The debt management plans are designed in such ways that it helps you pay reduced payment of your debt based on your affordability to pay them. If one of the debt management plans is good enough to suit your circumstances the company will allow you to have them or get it arranged for you.  Most of the companies gives you the facility to make one payment to them and then they distribute that to the various creditors. Most of them do not charge any fees for the services or the advice that they provide and hence every penny that you pay them helps in reducing your debt.

In debt management programs though you may be able to convince and negotiate with your creditor for a lower repayment option over a considerably longer period but they are not legally bounded to do so. So, if you have any such legal actions pending it is better to withdraw them as in the long run is going to affect you as the interest gets accumulated. It is advised to take an impartial suggestion from someone to know if debt management in your case is useful.

There are mainly two types of debt management plans:

  • Fee Charge- In this the company charges a fee of about 10% to 15% of your monthly payment as a service charge. The companies doing this justifies the fees taken by saying that the service provided by them is of superior quality which helps manage debt better than those not charging any fees and the amount taken will definitely justify the additional cost incurred.
  • Non-fee charge – They do not charge any fee and the whole money that you pay goes towards paying your debt and it helps in early repayment of your debt than the fee charging companies.

Debt management Plan

Debt can be a cause of worry as well as your financial problems. Managing debt is very important and essential to live a peaceful life. There are many debt management associations that help people manage their personal debt better. Most of the debt management companies provide their client with options which best suit their conditions and also help in clearing their debt as early as possible. Though some of the debt management companies charge some fees for managing your debt claiming that their service is better, there are many who provide this service for free and also have no hidden charges.
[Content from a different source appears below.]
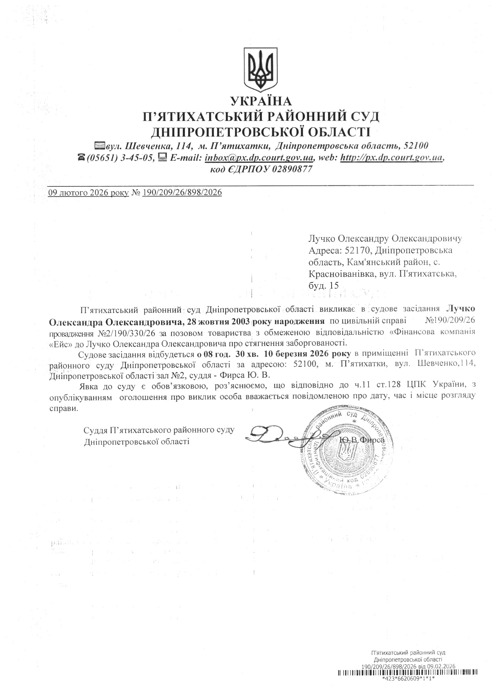 Про виклик в судове засідання Лучко Олександр Олександрович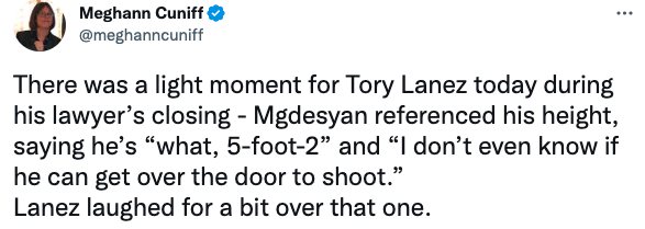 “There was a light moment for Tory Lanez today during his lawyer’s closing – Mgdesyan referenced his height, saying he’s “what, 5-foot-2” and “I don’t even know if he can get over the door to shoot.” Lanez laughed for a bit over that one.”

The debt management plan is conducted by a debt management company or charity which is allows you to pay reduced monthly payment for your debts. This is beneficial for all the people who have to pay a contractual debt along with expenses for their day to day living. In this case the third party person contacts the creditor and agrees it to accept the reduced payment for a longer period of time. You only need to pay one payment in a month and they will only divide that amount among all your creditors.
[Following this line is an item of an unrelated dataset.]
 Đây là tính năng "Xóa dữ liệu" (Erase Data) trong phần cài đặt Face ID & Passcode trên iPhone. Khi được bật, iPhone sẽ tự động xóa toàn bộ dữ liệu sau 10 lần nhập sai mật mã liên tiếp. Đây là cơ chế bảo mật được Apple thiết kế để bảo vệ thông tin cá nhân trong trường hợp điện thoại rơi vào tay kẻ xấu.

The debt management plans are of two types:

  • Fee charging in which the debt management service is not for free and they charge 10 to 15 percent of the monthly payment that you make to them. They argue that their services are better and the money that they charge is worth it.
  • Free debt management plan services is one in which they provide this service for free and they help pay your debt much earlier than those who charge you fees for the same.
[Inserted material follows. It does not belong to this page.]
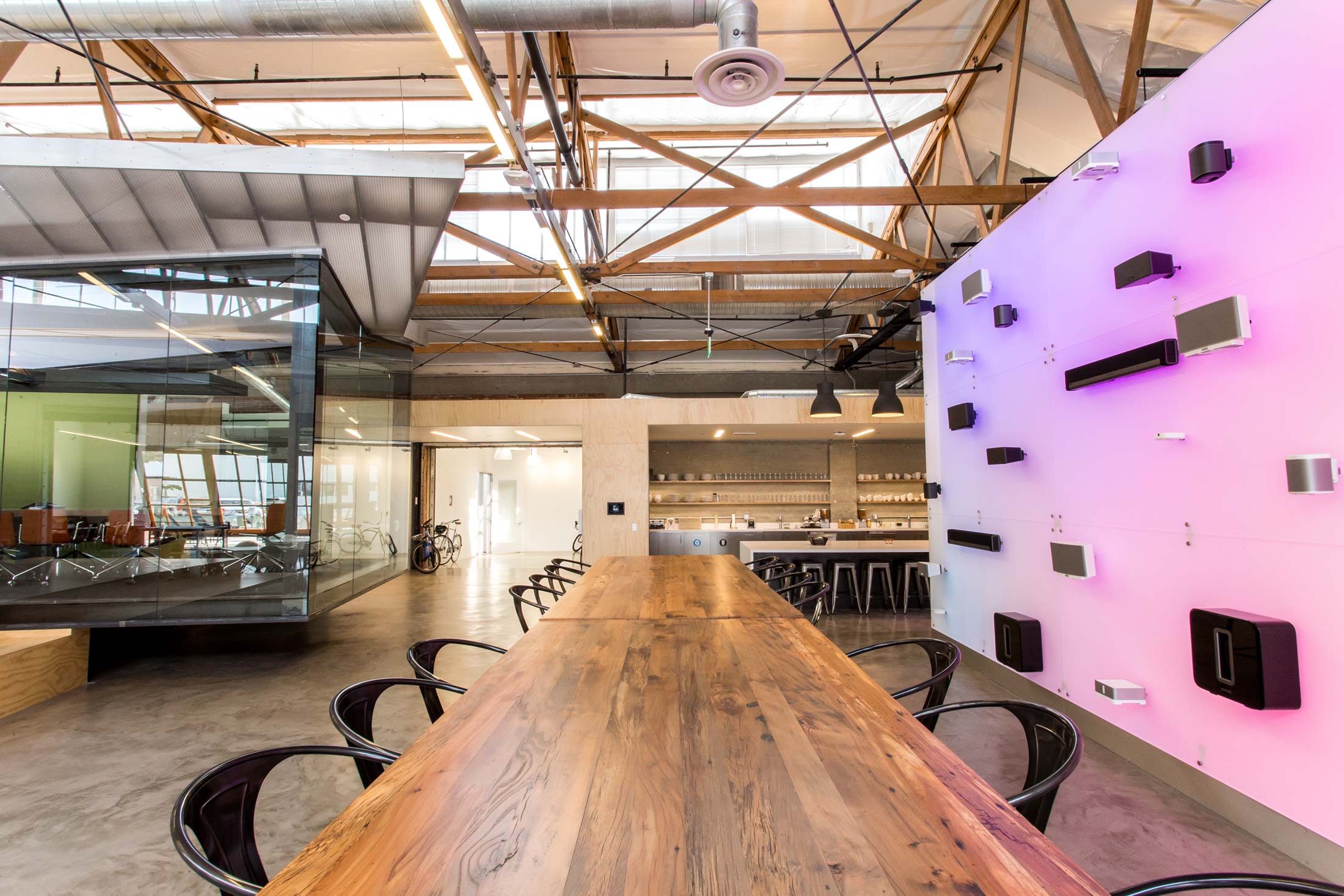 Sonos is a wireless hi-fi sound-system manufacturer that believes in changing the way people experience music. At the core of the brand’s culture is to amplify – to shift expectations and redefine realities, which is why they chose to have their headquarters in Santa Barbara over Silicon Valley. Sonos decided to occupy a series of commercial retail warehouses at the center of downtown Santa Barbara. All buildings are within walking distance to nearby shops and restaurants and they give their employees incentives to bike to work. The goal was to create an urban campus that reflects the brand’s world and is a positive influence downtown.

The companies and charity provide you with monthly statement showing you the way they have managed your payment to different creditors. You also will be provided with internet access to check with your debt and the way it is being managed and also view the satatement. However, not every debt can be managed but many companies do search for the best possible plan for you and provide you the best alternatives. If you think that you debt can be managed using debt management plan search for the right company or charity whichever suits your budget and then have a sigh of relief. Debt management can be done by you also if you can negotiate with your creditor for a reduced payment.